When I dump the array I see it is filled with zeroes.
It happens reliably...until I remove the __I from the array declaration. This makes me think it is not a buffer overflow. Other than that I cannot think of anything.
I would think that the volatile keyword was there for a reason, except that I also saw code like the following in an interrupt handler where, as far as I understand, the volatile keyword is redundant:
volatile uint32_t status = USART2->SR;
This variable is local to the function and as such can never be changed by code elsewhere.
======== EXTRA DETAIL ========
Here is the annotated disassembly of the relevant piece of code. The value at (RCC_GetClocksFreq+128) is zero, but appears at some point to have had the address of the prescaler lookup table copied into it:
0x000001d0 <+56>: ldr r1, [pc, #68] ; (0x218 <RCC_GetClocksFreq+128>)
...
tmp = RCC->CFGR & CFGR_PPRE1_Set_Mask;
tmp = tmp >> 8;
0x000001de <+70>: ldr r4, [r2, #4]
0x000001e0 <+72>: ubfx r4, r4, #8, #3
presc = APBAHBPrescTable[tmp];
0x000001e4 <+76>: ldrb r4, [r1, r4]
RCC_Clocks->PCLK1_Frequency = RCC_Clocks->HCLK_Frequency >> presc;
0x000001e6 <+78>: lsr.w r4, r3, r4
0x000001ea <+82>: str r4, [r0, #8]
Here is the same, but with the volatile const macro replaced with const:
0x000001d0 <+56>: ldr r4, [pc, #68] ; (0x218 <RCC_GetClocksFreq+128>)
...
tmp = RCC->CFGR & CFGR_PPRE1_Set_Mask;
tmp = tmp >> 8;
0x000001de <+70>: ldr r1, [r2, #4]
0x000001e0 <+72>: ubfx r1, r1, #8, #3
presc = APBAHBPrescTable[tmp];
0x000001e4 <+76>: ldrb r1, [r4, r1]
RCC_Clocks->PCLK1_Frequency = RCC_Clocks->HCLK_Frequency >> presc;
0x000001e6 <+78>: lsr.w r1, r3, r1
0x000001ea <+82>: str r1, [r0, #8]
They are essentially identical. Yet somehow removing the volatile keyword solves the problem!

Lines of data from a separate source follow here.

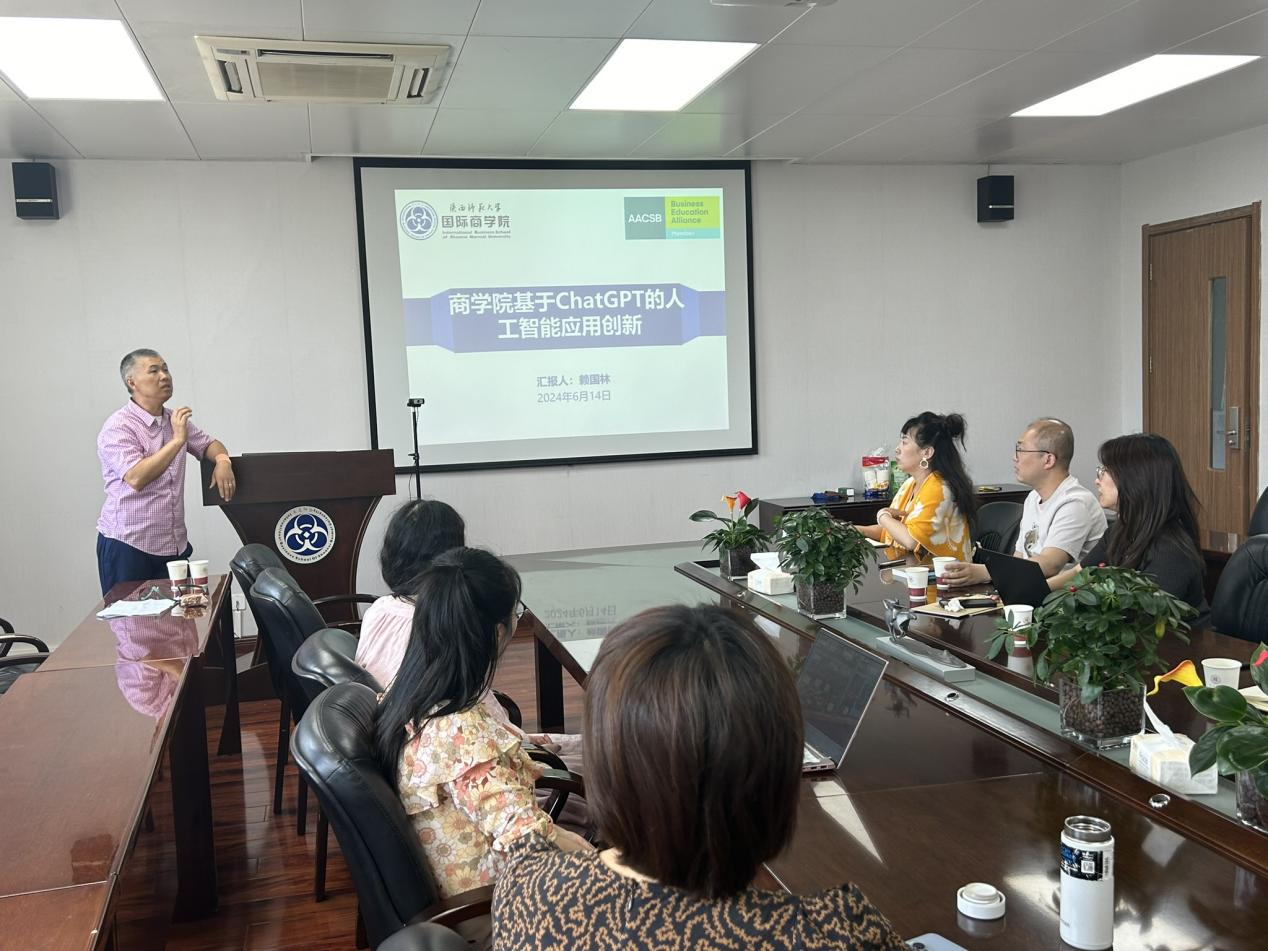 2024年6月14日上午,公司特邀美国路易斯安娜大学商公司赖国林教授在长安校区文澜楼1329举办了“工商管理专业网络课程的设计和资格认证”与“商公司基于ChatGPT的人工智能应用创新”的专题学术讲座,公司师生到场交流学习,讲座由兰娟丽副研究员主持。
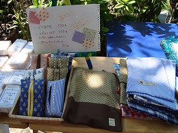 右:手作り市に出店した私の作品。久しぶりのミシン仕事が楽しかった
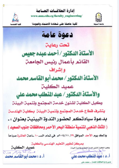 دعوة عامة لحضور الندوة البيئية بعنوان ( المثلث الذهبى لتنمية منطقة البحر الأحمر ومحافظات جنوب الصعيد) 11 نوفمبر 2015 دعوة عامة لحضور الندوة البيئية بعنوان ( المثلث الذهبى لتنمية منطقة البحر الأحمر ومحافظات جنوب الصعيد)
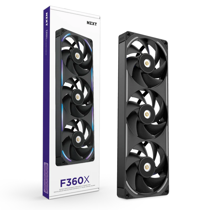 NZXT F360X 360mm Performance RGB Single-Frame Computer Cooling Fan - Black - Liquid-Crystal Polymer Construction - Custom Hybrid Bearings - Reinforced Metal Core (RF-U36PN-B1)
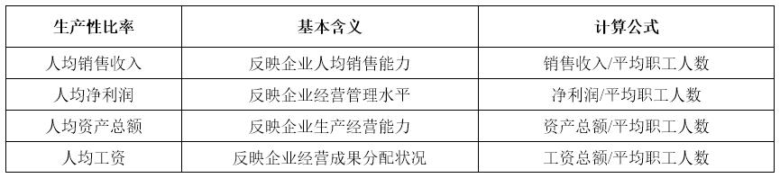 生產(chǎn)性指標(biāo)分析的目的是判斷企業(yè)在一定時(shí)期內(nèi)的生產(chǎn)經(jīng)營能力、生產(chǎn)經(jīng)營水平和生產(chǎn)成果分配等,主要指標(biāo)如表5所示。
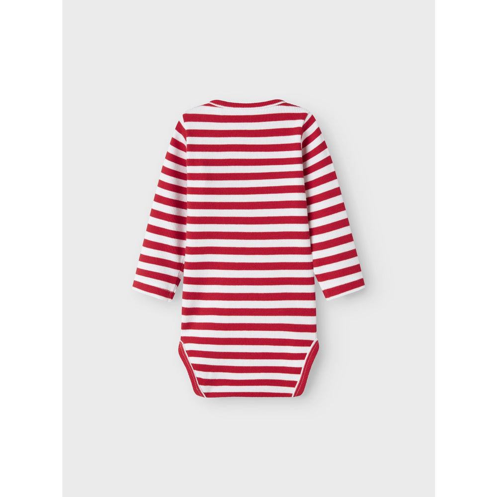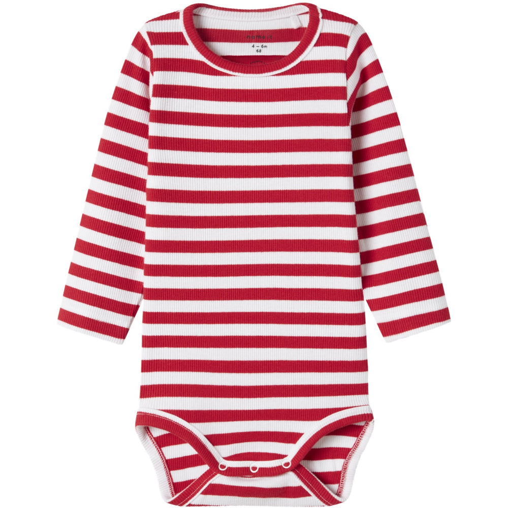 Dress your little one in the Name It Bright White Cinese Red Folisa Body, a bodysuit designed for comfort and style. Crafted with a rib knit design, this item offers excellent elasticity and a classic striped pattern, enhancing its timeless charm. Available in vibrant colors, it features a round neck, long sleeves, and convenient press stud fastenings for easy dressing. Ideal for year-round wear, this bodysuit is both functional and fashionable, making it a must-have addition to any child's wardrobe. Plus, it's important to keep this garment away from fire for safety.
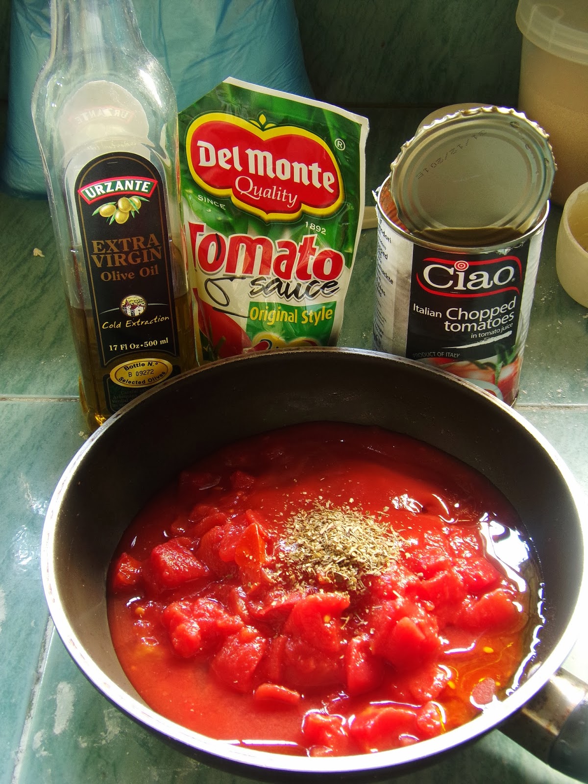 I added a quarter cup of tomato sauce to the Marinara sauce to have a thicker consistency. I observed that using canned diced tomatoes produces a thinner or watery type of Marinara sauce. I could have use tomato paste but tomato sauce is much more available in our home.
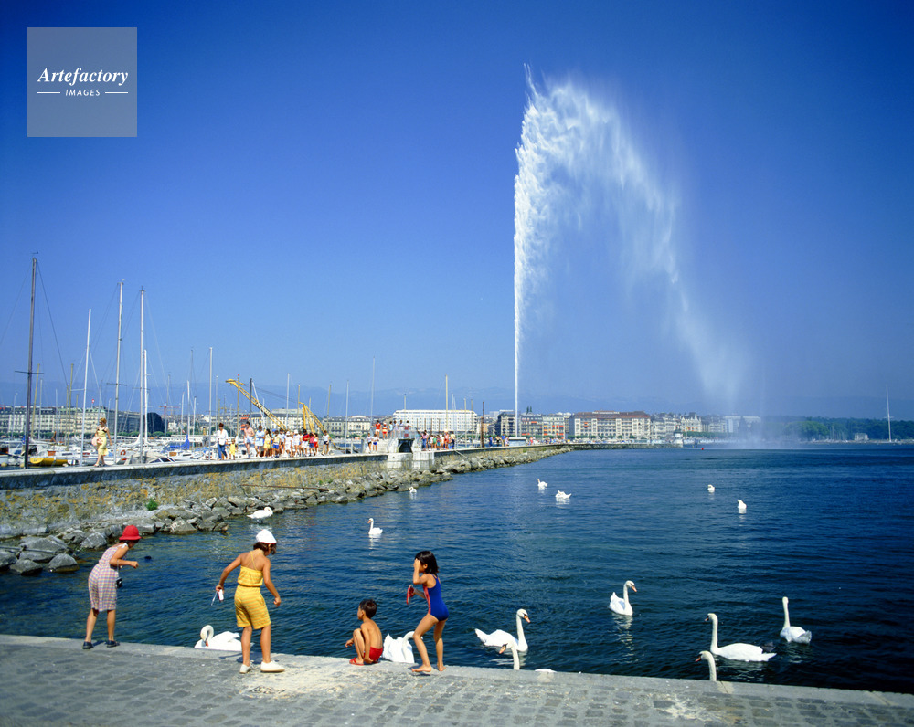大噴水,Jet dEau,149m,白鳥,子供,ヨットハーバー,ジュネーヴ州,Canton de Geneva,ジュネーヴ,ジュネーブ,Geneva,レマン湖,Lac Leman,湖,Lake
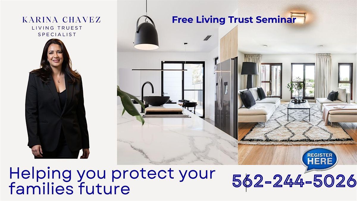 Welcome to the Living Trust Seminar hosted by Karina Chavez Probate & Trust Realtor! Join us on March 7, 2026 at 1:00 PM (Pacific Time) for an informative session on creating a living trust to protect your assets and ensure your wishes are carried out. Learn about the benefits of a living trust and how it can provide peace of mind for you and your loved ones. Don't miss this opportunity to secure your future! See you there!
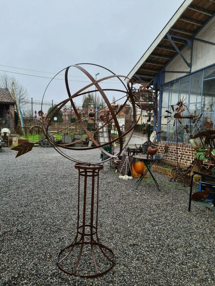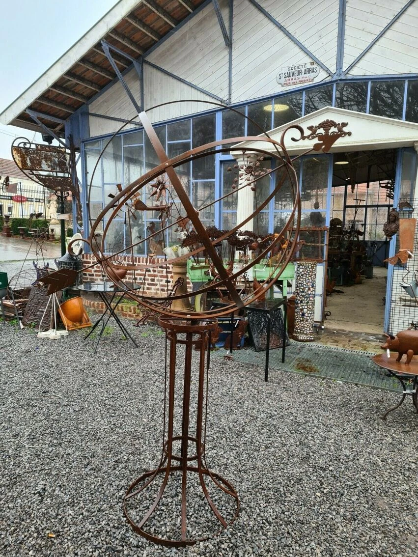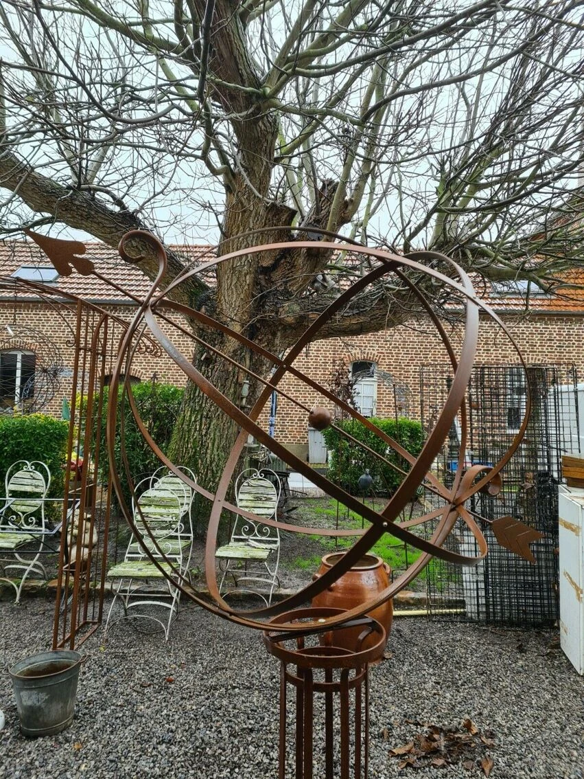 Sphère celeste en fer forgé sur socle 1 m de diametre 2 m de haut.
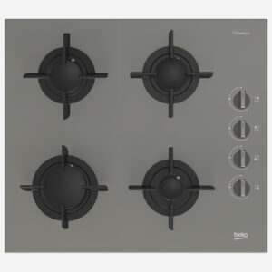 Gas Hob 60 cm 4 Berners, Gas Safety, Cast Iron Pan Support, Manhattan Grey, Glass, Integrated Ignition
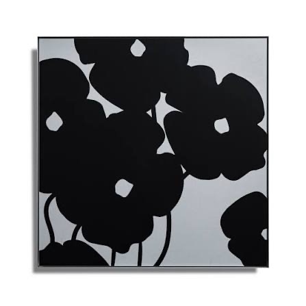A striking example from Donald Sultan's iconic floral series, this painting features bold, black silhouetted poppies against a pale grey background. Sultan's signature use of high-contrast, flat forms and simplified botanical shapes creates a powerful graphic presence that bridges abstraction and representation. The work exemplifies his mastery of large-scale decorative compositions that carry both visual weight and formal elegance.
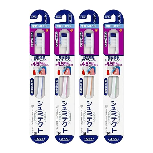 レギュラー4色/4本/-・Size:4本・パッケージ個数:1・独自の弾力ネックで歯グキにやさしい、知覚過敏用歯ブラシ・3次元型植毛で奥歯・歯間・歯面の歯垢をしっかり除去・先端極細毛が歯と歯ぐきのすき間にしっかり届いてクリーニング・奥歯の奥の磨きにくいところまで届いてしっかり磨ける独自の改良薄型ヘッド採用・ロングネックで無理なく奥歯に届く商品紹介 「シュミテクト やさしく歯周ケア3次元フィット ハブラシ」は、 ●弾力ネックで歯グキにやさしい知覚過敏用ハブラシ ●ロングスリムネックで奥歯に届く ●日本市場に合わせて開発された新ハンドル。 短く・持ちやすく改良 ●奥歯の磨きやすさを考えヘッドの薄型化 ●3次元型植毛で奥歯・歯間・歯面の歯垢をしっかり除去。 外側は先端極細シルキー毛、内側は毛先の丸いラウンド毛 ●4色展開(色はお選びいただけません)。 使用上の注意 ネックを過度に曲げると破損する恐れがあります。 毛先が開いたらとりかえましょう。 原材料・成分 柄 白色部・・・ポリプロピレン 着色部・・・SEBS、毛・・・PBT、ナイロン シュミテクトブラシ やさしく歯周ケア3次元フィット 歯ブラシ 知覚過敏ケア 薄型レギュラー (ふつう) 4本 ※色はお選び頂けません 4色 2,455 ~
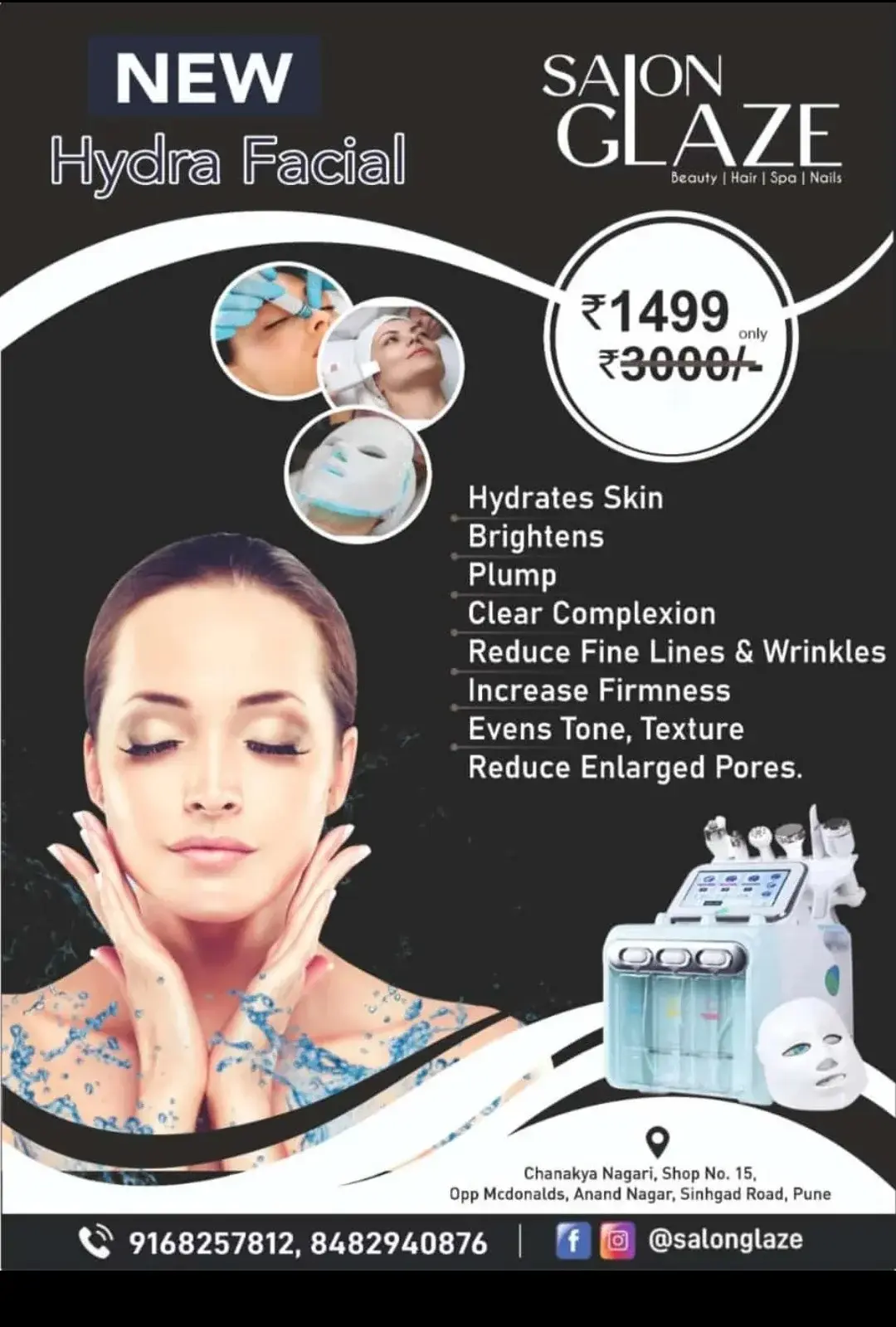 NEW Hydra Facial Rs.1499 only Benefits: Hydrates Skin, Brightens, Plump, Clear Complexion, Reduce Fine Lines
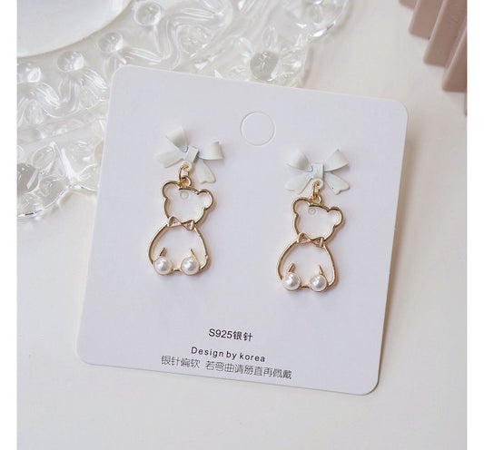 Enamel Rabbit Poker Asymmetrical Drop Earring / Clip On Earring
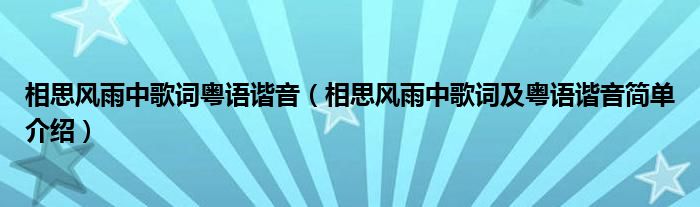 相思风雨中歌词粤语谐音(相思风雨中歌词及粤语谐音简单介绍)

First, thanks for all the comments and answers that led me to this answer.
When the variable is defined without the "volatile" keyword it is put into a readonly section of the binary file.
When the variable is defined with the "volatile" keyword it is put in the same section of the binary file as all other variables.
I have recently found 3 buffer overruns and I am sure there are others. A lot of the code is not very well written. It is likely that when the "volatile" keyword is specified the variable is so placed in memory as to make it vulnerable to a buffer overrun. There is no reason at all for this particular variable to be marked as volatile so the simple fix is to remove that keyword. The proper fix is to do that and also track down the buffer overrun and fix it.